====== Data records ======
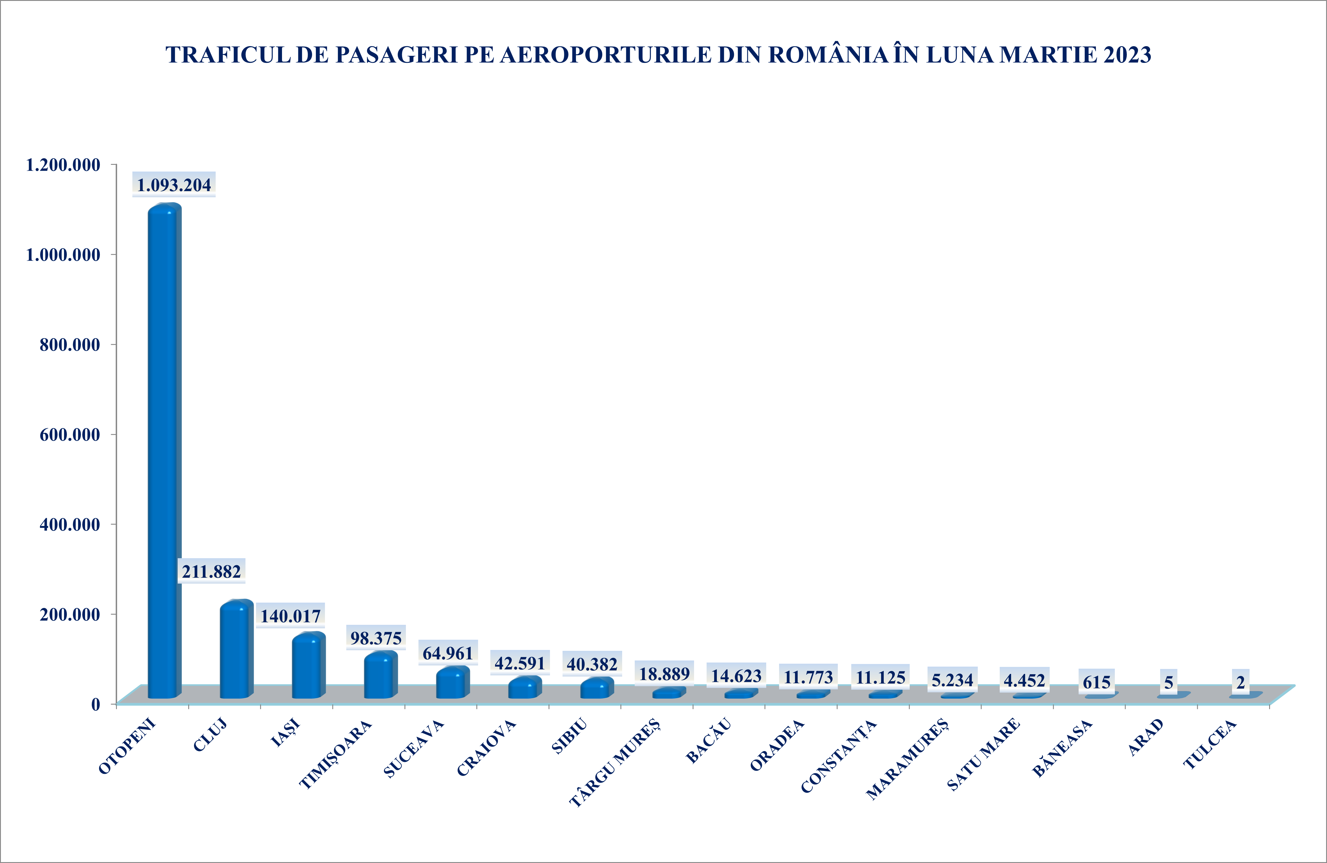 📰 PE SCURT: Aeroporturile din România au înregistrat în martie 2023 nu mai puțin de 1.758.130 de pasageri, cu 7% mai mulți decât în martie 2019.
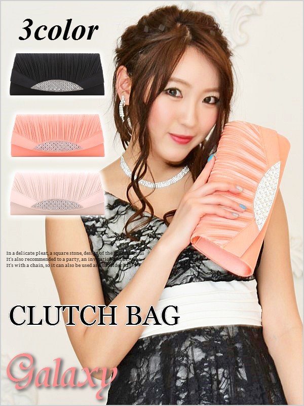 スクエアストーンプリーツフラップサテンクラッチバッグ
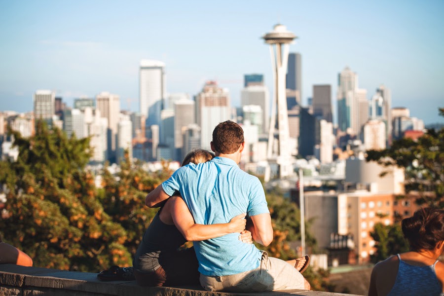 With a few hours of sunlight to spare, David suggested we shower and go grab a drink somewhere on a patio or watch the sunset since it was a nice day. I said I didn't want to spend money out so we decided on wandering up to our usual spot at Kerry Park, the gorgeous park that overlooks Seattle. Once we got to a very crowded park (there were people everywhere) we snuggled up in a little spot on the ledge, chatting and looking out at the city we call home. We chatted for a while, and then somehow I noticed that David was pulling something out of his pocket. At the time I was just thinking, "Is this really a proposal??" and I'm not even sure what was said or even if I answered the question but I heard cameras going off and people clapping. What??!! Such a surprise! Being the photographer that I am, I said, "I really hope someone got a photo!!" and David turned around and pointed at someone in a Mariner's hat, holding one of my cameras and long lenses. It was his sister and she had captured the whole thing! I was ecstatic at this point and the bottle of champagne that Laura had brought up made everything even more exciting. We spent the better part of the night on the phone and celebrating from afar with family and friends.
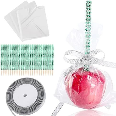 - PACKAGE INCLUDED: This package included 24 wrapped sticks, 24 glass paper bags, and 1 roll of glitter ribbon. The plastic bag included in the package is bigger than the apple to make it easier for you to assemble them, you can use a scissor to trim it.
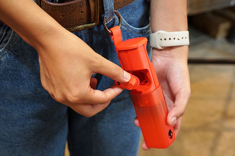 充電ケースは、カラビナ付きのスライダー式ケースとなっており、ケースをスライドすることでイヤホンの収納が可能。カラビナ付きによりかばんやのベルトループにも簡単に装着でき、持ち運びにも優れているとした。
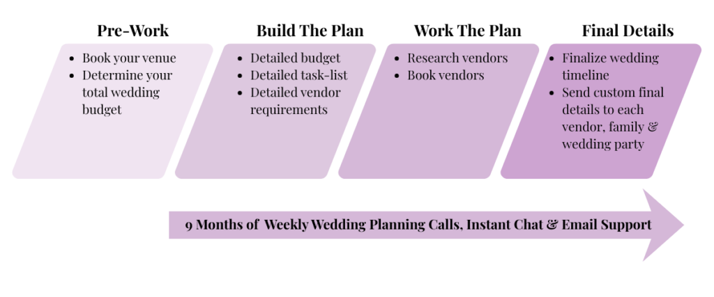- Weekly wedding planning calls with a planner with over a decade of experience
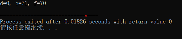 #include <stdio.h> int main () { int a=5,b=7,c=100,d,e,f; d=a/b*c; e=a*c/b; f=c/b*a; printf("d=%d, e=%d, f=%d\n",d,e,f); return 0; }
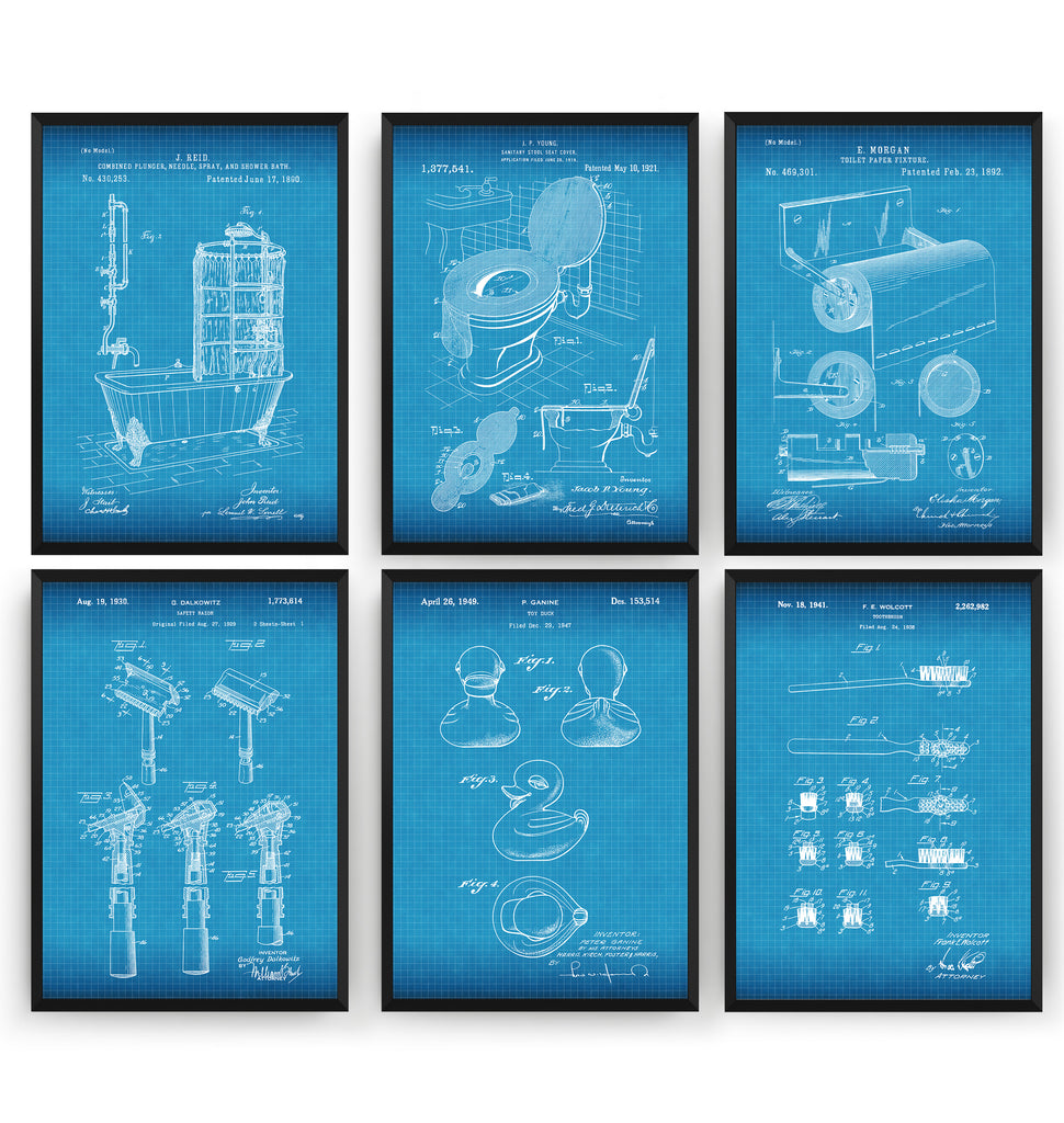 Bathroom Set Of 6 Patent Prints - Magic Posters
======
**Task statement**
From the line that contains "充電ケースは、カラビナ付きの" through the last line of the listing, copy each line exactly; both end lines stay in, and pictures stay out.

**Response to the exercise**
 充電ケースは、カラビナ付きのスライダー式ケースとなっており、ケースをスライドすることでイヤホンの収納が可能。カラビナ付きによりかばんやのベルトループにも簡単に装着でき、持ち運びにも優れているとした。
- Weekly wedding planning calls with a planner with over a decade of experience
 #include <stdio.h> int main () { int a=5,b=7,c=100,d,e,f; d=a/b*c; e=a*c/b; f=c/b*a; printf("d=%d, e=%d, f=%d\n",d,e,f); return 0; }
 Bathroom Set Of 6 Patent Prints - Magic Posters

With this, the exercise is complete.